Whether it's the prohibitive price tag, the nerdy look of the glasses, or the social awkwardness of talking to a headset, Google Glass has some problems to overcome before the ambitious technology becomes widely adopted. Today the search giant made a major move to address one of those: With four new titanium-crafted frames made by Google, wearing a piece of computing on your face has become a little more inconspicuous.
These four frames are designed specifically for Google Glass and integrate with the tech more naturally than previous models. And they also can take presciption lenses, opening up Google Glass to the already-glasses-wearing populace.
In addition to these new lenses, Google also released two new sunglass designs ($150), classic and edge, to join its active design, which was released with the Explorer edition of Glass. However, these frames only add to the already crushing price burden. The frames will cost $225 on top of the device's already staggering $1500 price tag.
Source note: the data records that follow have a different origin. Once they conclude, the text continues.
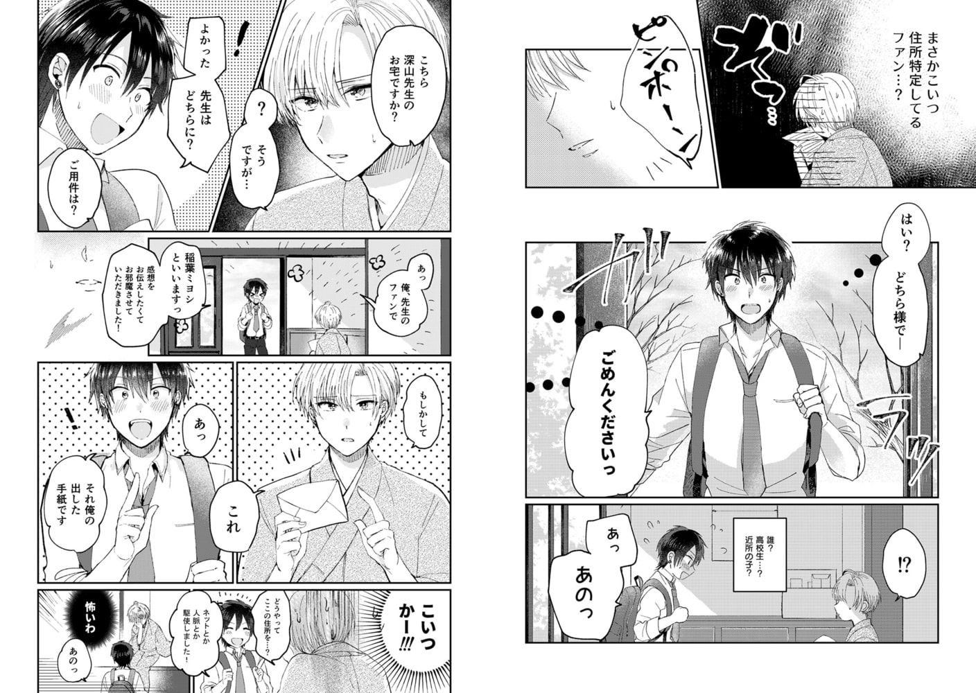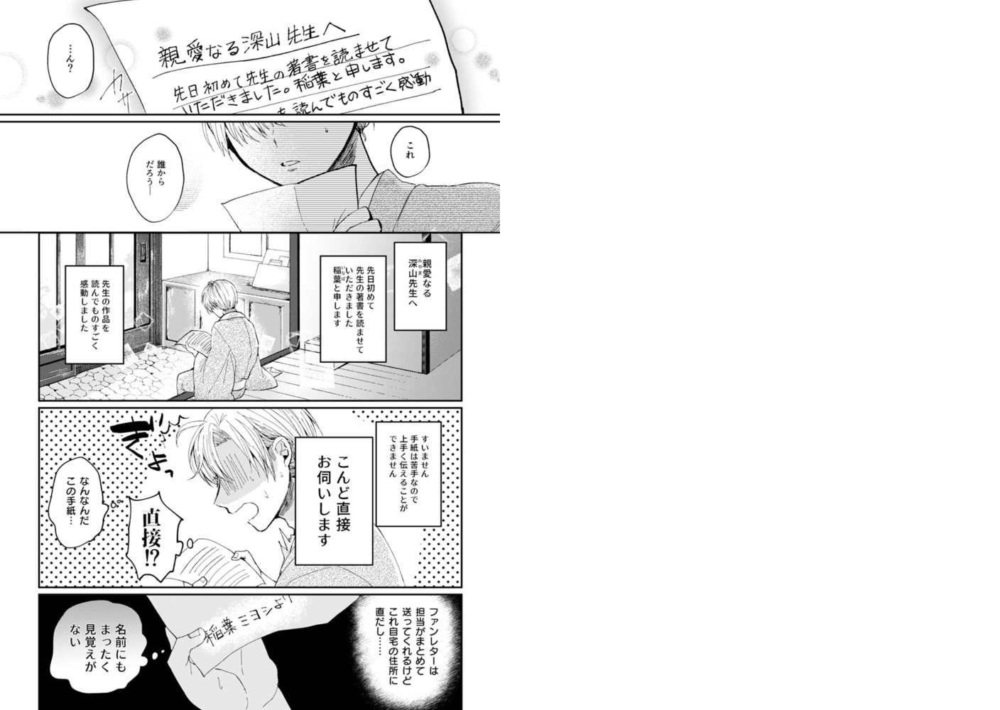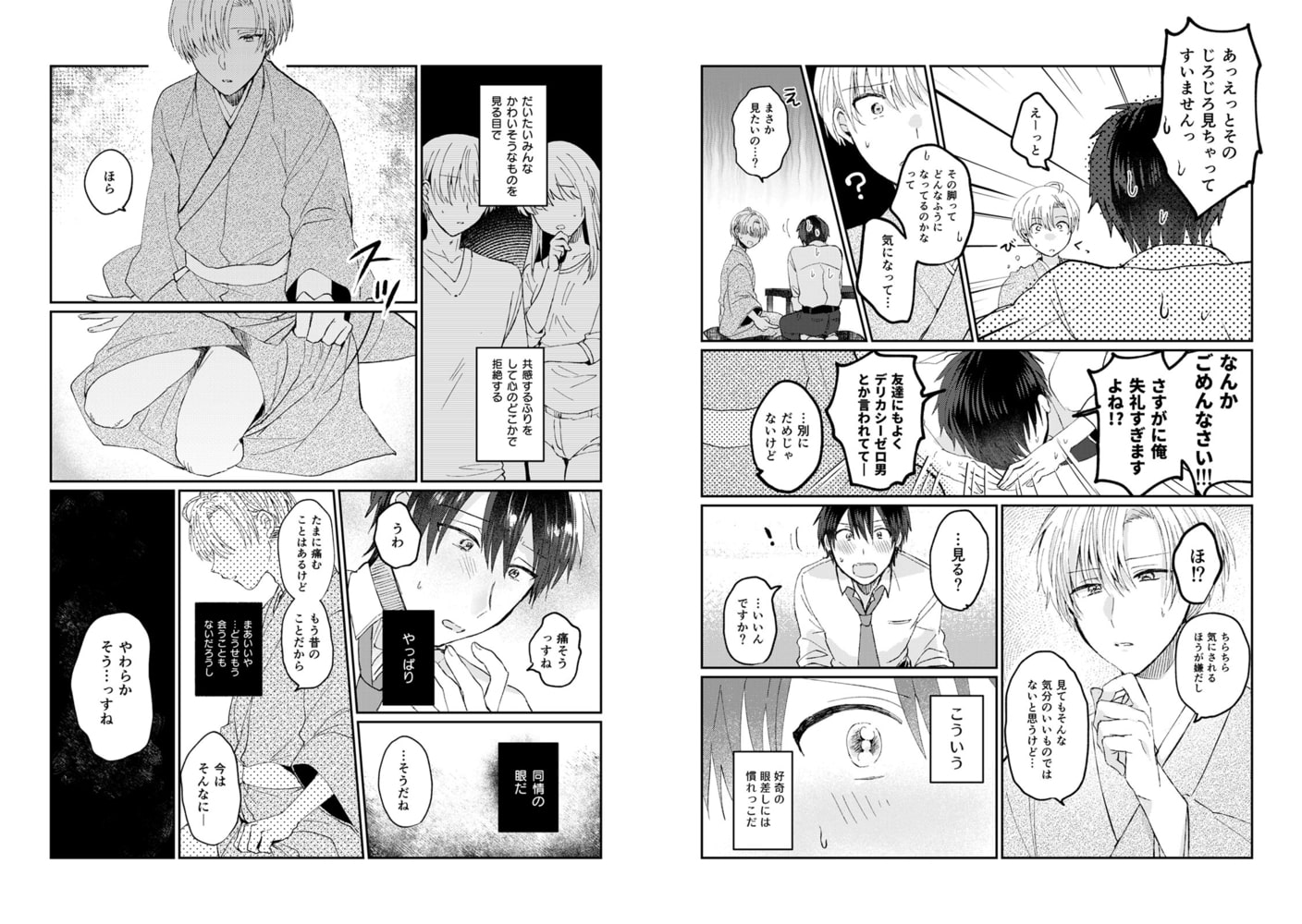 小説家の深山紫朗のもとに、ある日、ファンを名乗る若者・稲葉ミヨシが訪ねてくる。深山は幼少期に事故で両脚を失くしていたが、ミヨシはその脚を見るなり目が釘付けに。「中ってどうなってるんですか?」興味津々のミヨシに触られ、ぐいぐい迫られて戸惑う深山だったが、「柔らかくて気持ちいい」と予想外の反応に驚く。それからというものミヨシは毎日訪れるようになり、二人はじょじょに交流を深めるようになる。次第に深山はミヨシの訪問が楽しみになるが、一方ミヨシは自身の深山に対する気持ちの変化に気付き…。募った想いが抑えきれなくなってしまったミヨシは…!?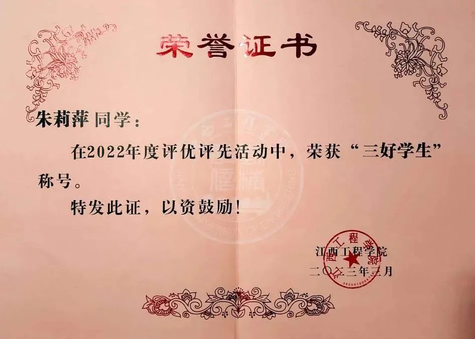3.2023年3月获校级“三好学生”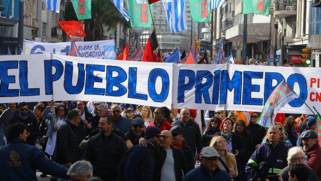 Redaccion 6 meses atrás El paro será general, de 9:00 a 13:00, bajo el lema «El pueblo primero, por salario, trabajo y más presupuesto». Fuente: enlace original About Author Redaccion See author's posts Tags: general lema paro primero pueblo salario será trabajo Post navigation Anterior Delgado sobre el presupuesto: "Es medio pelo, como el gobierno, en modo avión, sin mucha innovación, restrictivo"Siguiente Detectaron residuos de garrapaticida en carne exportada a China: la destruyeron y de momento no hay sanciones Deja una respuesta Cancelar la respuestaTu dirección de correo electrónico no será publicada. Los campos obligatorios están marcados con *Comentario * Nombre * Correo electrónico * Web Guarda mi nombre, correo electrónico y web en este navegador para la próxima vez que comente. Δ Más historias Políticas Orsi: gobierno "prioriza acuerdos de Estado a Estado" para patrullas oceánicas, tras rescisión con Cardama 19 horas atrás Redaccion Políticas Gobierno investiga si un buque noruego hizo exploración sísmica en la plataforma continental de Uruguay 19 horas atrás Redaccion Políticas Bergara compareció ante la Junta por proyecto de movilidad y oposición cuestionó elección de BRT "sin informes" 19 horas atrás Redaccion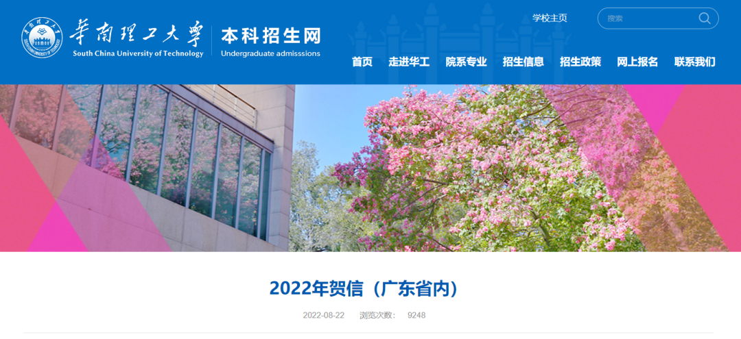 8月22日,华南理工大学招生办官网发布了2022年贺信(广东省内),其中公布了华工在广东省内的录取生源情况。

If you are interested in these Google-designed prescription lenses, be prepared to use Google Glass—all the time. The new eyeglasses won't really work without the attached device because the right stem is shorter than the left, according to . Battery life just became a much more important issue. With early adopters reporting battery life at around five hours, users (or, as Google prefers, "Explorers") will most likely need to keep their standard glasses on hand—or carry a dead computer on their face, whichever they prefer.
Google also announced that it has partnered with VSP (Vision Service Plan) to train eye care professionals in the U.S. to help users to be fitted with new Glass frames with their prescription. Check out more about Google Glass and its new frames .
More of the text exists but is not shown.